I mentioned the passage to Abbott during the Estonia trip. I said something about Tiger shoes — which later became ASICS — and a wrestling coach from New York who Knight repeatedly refers to in the book as “The Marlboro Man.”
“That’s Bill Farrell,” Abbott said.
Farrell and Knight “didn’t like each other,” according to Gallo.
Knight never mentions Farrell by name in the book.
“It’s kind of insulting,” Gallo said. “Call the guy by his name. He was a Marlboro Man, yes, but he had a name and it wouldn’t have hurt that book to just mention his name. But he was mad at Bill because of a lawsuit that happened and the Japanese kind of took Bill’s side over Phil’s side.”

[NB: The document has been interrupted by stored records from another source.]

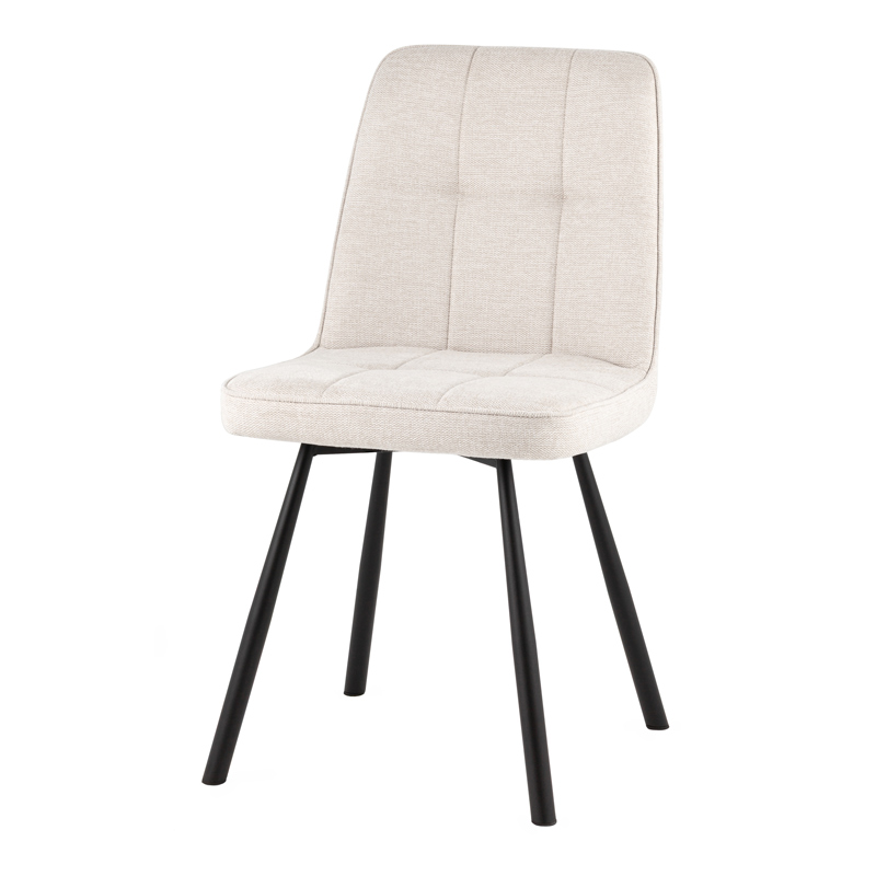 Материалы и цвета. Стул с мягким сиденьем и спинкой, обтянутыми качественной рогожкой кремового цвета, идеально дополнит современный интерьер. Прочные металлические ножки черного цвета обеспечивают устойчивость, а также придают модели сдержанный и стильный вид.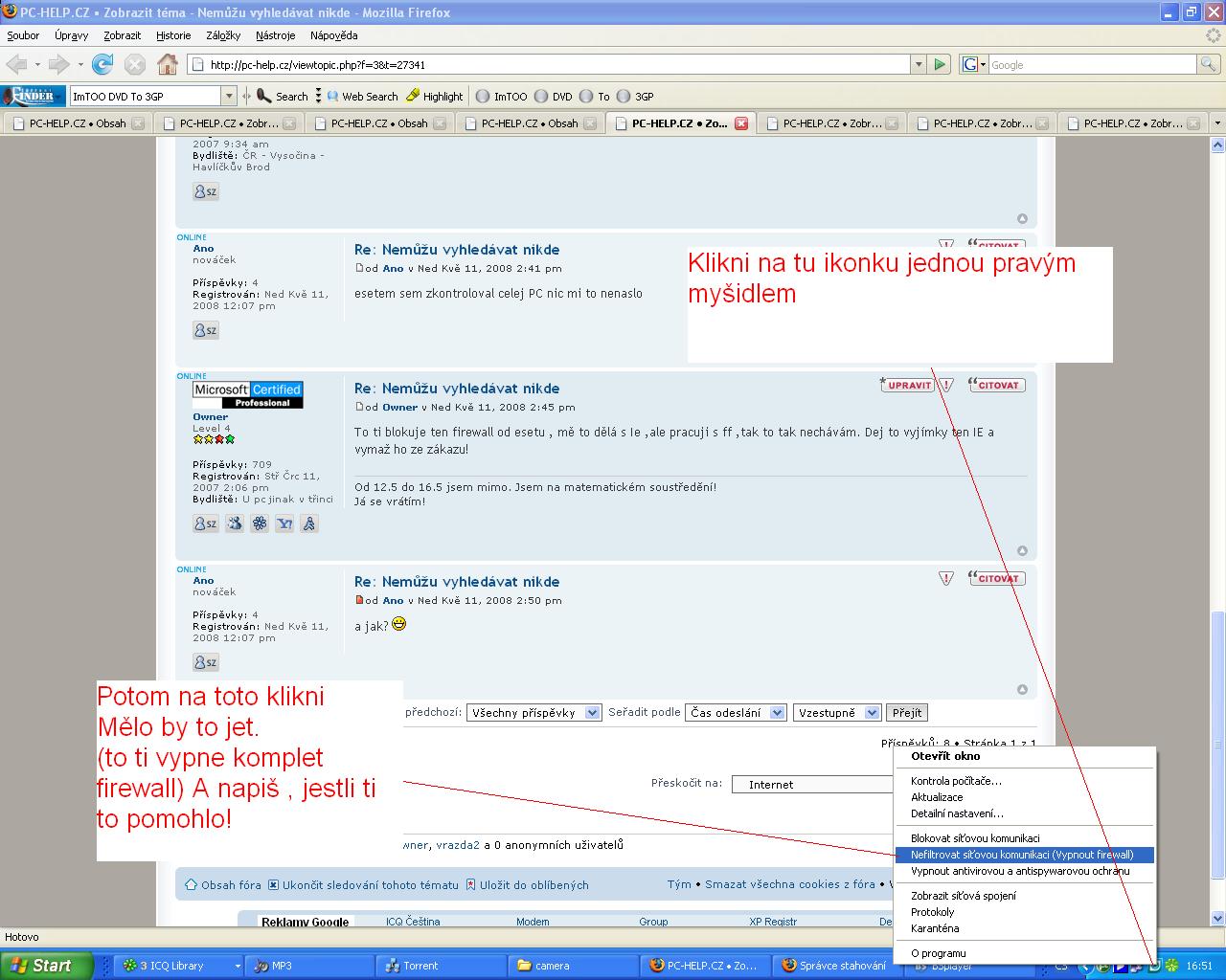 mám FF IE Operu a nejde to ani v jednom internet a email funguje , firewall eset smart security, a v nastaveni prohlizece sem nic nemenil zaclo to delat zniceho nic , ani na imageshack mi nejdou pridavat obrazky , zdá se ze kdyz kliknu na jakekoliv tlacitko , ktere ma odkazovat jinam tak mi prohlizec zamrzne, krome fora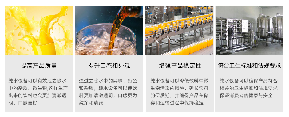 飲料中水的含量非常高,如果使用未經(jīng)處理的自來水或地下水,其中可能存在各種雜質(zhì)、重金屬、細菌和病毒等,這些物質(zhì)會對產(chǎn)品的色澤、口感和品質(zhì)產(chǎn)生影響,甚至會對人體健康造成危害。因此,使用經(jīng)過嚴格處理的純水,可以避免以上問題,保證飲料的品質(zhì)。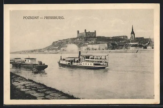 AK Pozsony, Dampfer auf der Donau, Blick zur Festung
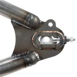 The entire rear motor mount area is designed to be as strong as possible and will handle any motor no matter how built. The rear motor mount bolts are very easy to access with our unique design, which adds to the ease of installation. Rear axle plates have doublers welded in place so the rear axle is a perfect fit (and also looks great). The doublers have another purpose, which is that they are the only spot your axle head and axle nut touch on the frame, saving the rest of the frame’s paint when adjusting the rear wheel and chain. Integrated in the axle plate design are convenient 3/8 inch holes for rear fender struts. Each hardtail includes a set of axle adjusters that will work with stock 3/4 inch rear axles. The adjusters tuck in behind the axle plates, keeping them hidden, and they are adjusted from the rear of the axle plate. This is very similar to an Ironhead Sportster setup, which allows the rear wheel and chain to be adjusted with ease while keeping everything copasetic.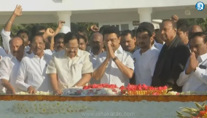 இதனை தொடர்ந்து அண்ணா நினைவிடத்தில் முதல்வர் மு.க.ஸ்டாலின் மரியாதை செலுத்தினார். இந்த பேரணியில் துணை முதல்வர் உதயநிதிஸ்டாலின், அமைச்சர் துரைமுருகன் உள்ளிட்ட அமைச்சர்கள், திமுக நாடாளுமன்ற உறுப்பினர்கள், சட்டமன்ற உறுப்பினர்கள், திமுக நிர்வாகிகள் பலர் கலந்து கொண்டனர்.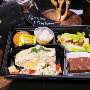 - ข้าวกล่องปลาแซลมอนย่างซีอิ๊ว SALMON TERIYAKI BOX (320 บาท) เอาใจคนรักแซลมอนด้วยข้าวกล่องแซลมอนย่างซอสเทอริยากิหอมหวาน แซลมอนเนื้อแน่นคุณภาพจากนอร์เวย์ หวานอร่อยชุ่มฉ่ำซีอิ๊วในสไตล์ญี่ปุ่น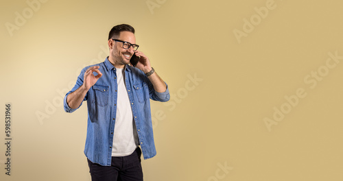 entrepreneur, man, ok, signs, mobile, phone, smiling, talking, discussing, call, mobile phone, beige, background, businessman, smartphone, listening, approve, young, gesture, smile, gesticulate, business, agree, recommend, freelance, shirt, happy, like, eyeglass, businessperson, communication, satisfied, photogenic, technology, choice, advice, occupation, studio, cheerful, pleased, conversation, wireless, standing, portable, device, work, copy space, person, male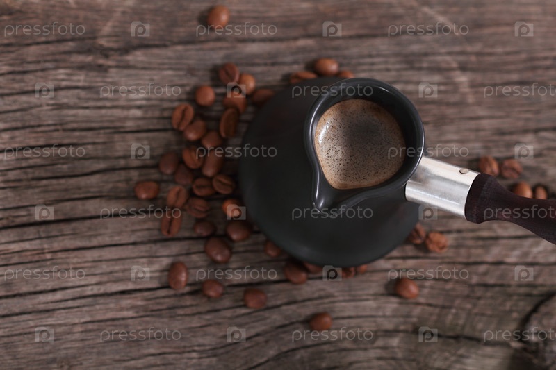 Кофе в турке и кофейные зерна на коричневом фоне. Вид сверху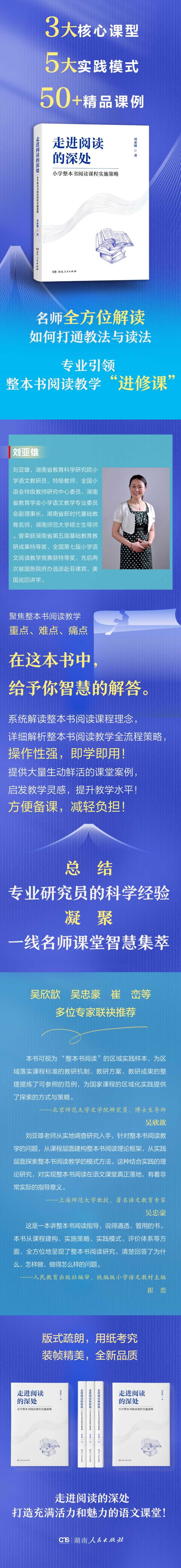 1、本书代表着湖南省教育科学研究院的前沿教育研究成果,对于广大一线教师开展整本书阅读教学有着科学的指导。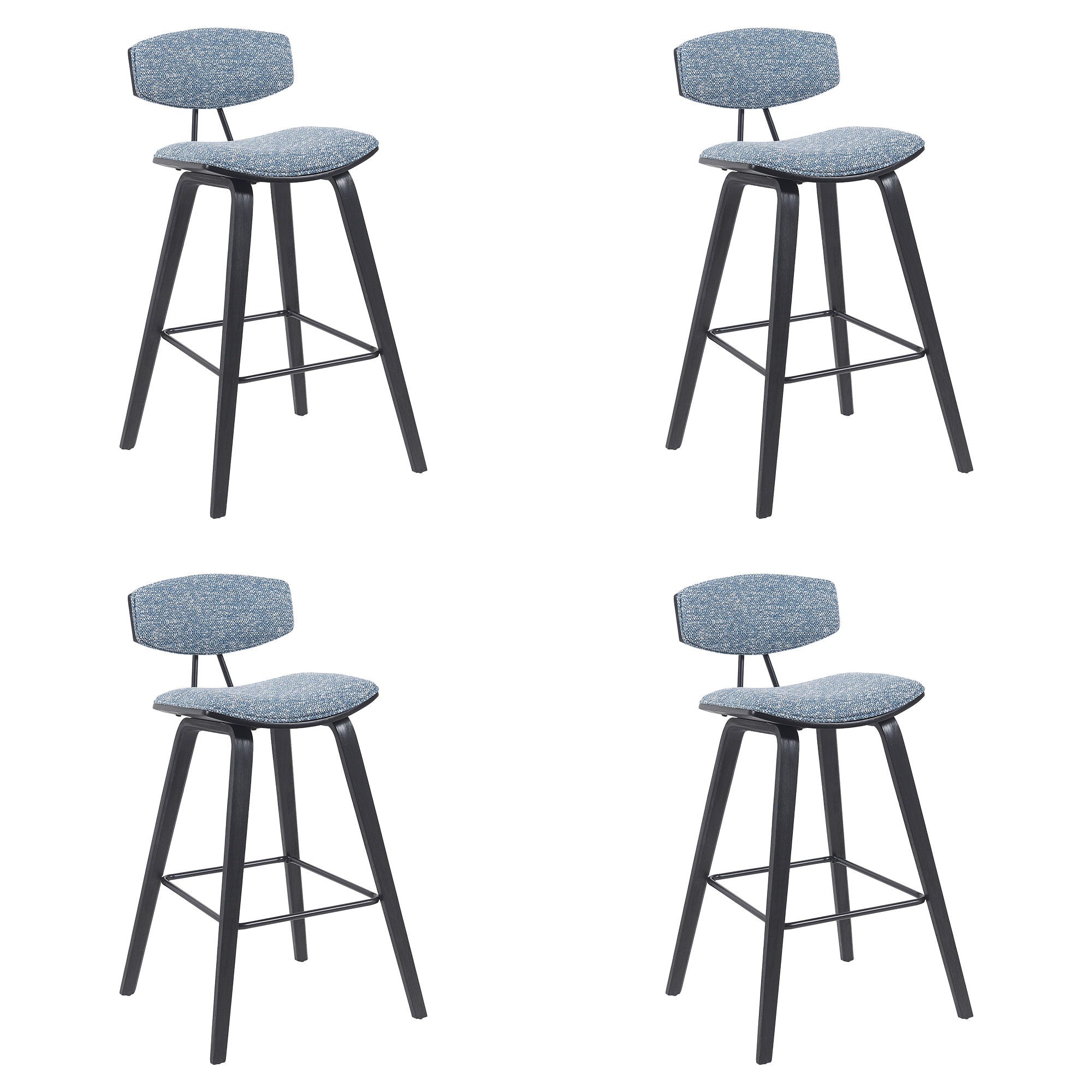 Whether drawn up to a sleek kitchen island for a breakfast nook or rounding out your home bar with a perfect perch, a bar stool like this is a versatile seating solution with sleek modern style. The Armen Living Fox Mid-Century Modern Bar Stool is a sophisticated and functional modern piece certain to enhance the aesthetic of any style home or apartment. The high-density foam cushioned back, and seat will allow endless hours of entertaining or lounging. The curved wood medium high back with padded support is ideal for posture alignment and an unmatched support for days on end. The foundation of the product is supported by wood and steel footrest for a chic and stylish aesthetic without comprising practicality and functionality of this item. The Mid-Century Modern style silhouette gives you a timeless look with the durability to last for many years to come.You can easily incorporate this stool into your kitchen, dining room, home bar, or office!

Farrell’s partnership with Tiger began in the late-1950s. According to Gallo, Farrell formed a friendship with Shozo Sashahara after meeting the 1956 Olympic gold medalist at a tournament in Japan. Sashahara, the Japanese flag bearer at the Melbourne Olympics, was close with Tiger founder Kihachiro Onitsuka and their relationship opened the door for Farrell to become the lone Tiger dealer in the United States — at least until 1964.
Then Knight entered the picture. Fresh out of grad school at Stanford, the former University of Oregon runner set out to change the athletic shoe market in the United States. He started with a $50 loan from his father and an idea that he could build a business by importing high-quality, low-cost running shoes from Japan.
Knight was just getting started when he received the letter from Farrell explaining that he’d met with top Onituska executives and they’d tabbed him the exclusive dealer of Tiger shoes in the United States. In his book, Knight wrote that the ordeal made him consider getting out of the shoe business.
Instead, he decided to make a trip to Japan for a last-ditch meeting with Onitsuka. He pitched his case and the head of the company ruled that Knight could sell Tiger running shoes in 13 Western states, while Farrell could continue selling them along the East coast and remained the exclusive distributor of Tiger wrestling shoes across the country.
Farrell stayed deeply involved in the business side of wrestling for decades. He also sold singlets, Resilite mats and Universal Gym weight-training equipment. He was a five-term president of the New York Athletic Club.
“Bill was highly intelligent, very funny,” Abbott said. “He was somebody you enjoyed spending time with. He wasn’t successful by accident.”
Gallo said Farrell dabbled in acting, real estate and travel. He took extravagant vacations to tropical islands. He made an appearance on The Tonight Show starring Johnny Carson.
“Bill was a very amazing, accomplished person,” Gallo said.
In the late-1960s, Farrell took over as the national freestyle coach for the United States. The 1969 squad placed second at the World Championships, the highest an American team had ever finished up to that point. It set the stage for one of the best Olympic performances ever in 1972 when the United States racked up six medals, including golds from Gable, Wayne Wells and Ben Peterson.
Gable said Farrell had an ability to take wrestlers with different personality types and backgrounds and mesh them together within the team framework — which later became a hallmark of Gable's dominant 21-year coaching run at Iowa.
“He implemented the adaptability to work with just about every athlete,” Gable said. “He brought everybody together a little bit. It wasn’t like two divisions. We didn’t have divisions. We had respect, you know, unlike what’s going on in the world today. He developed respect.”
He developed it by leading without ego, by utilizing his personal strengths but also entrusting those around him.
“I don’t think he died a millionaire. In fact, I know he didn’t,” longtime Farrell associate Sonny Greenhalgh said. “But I do know he died with a hell of a wrestling family that was very loyal to him.”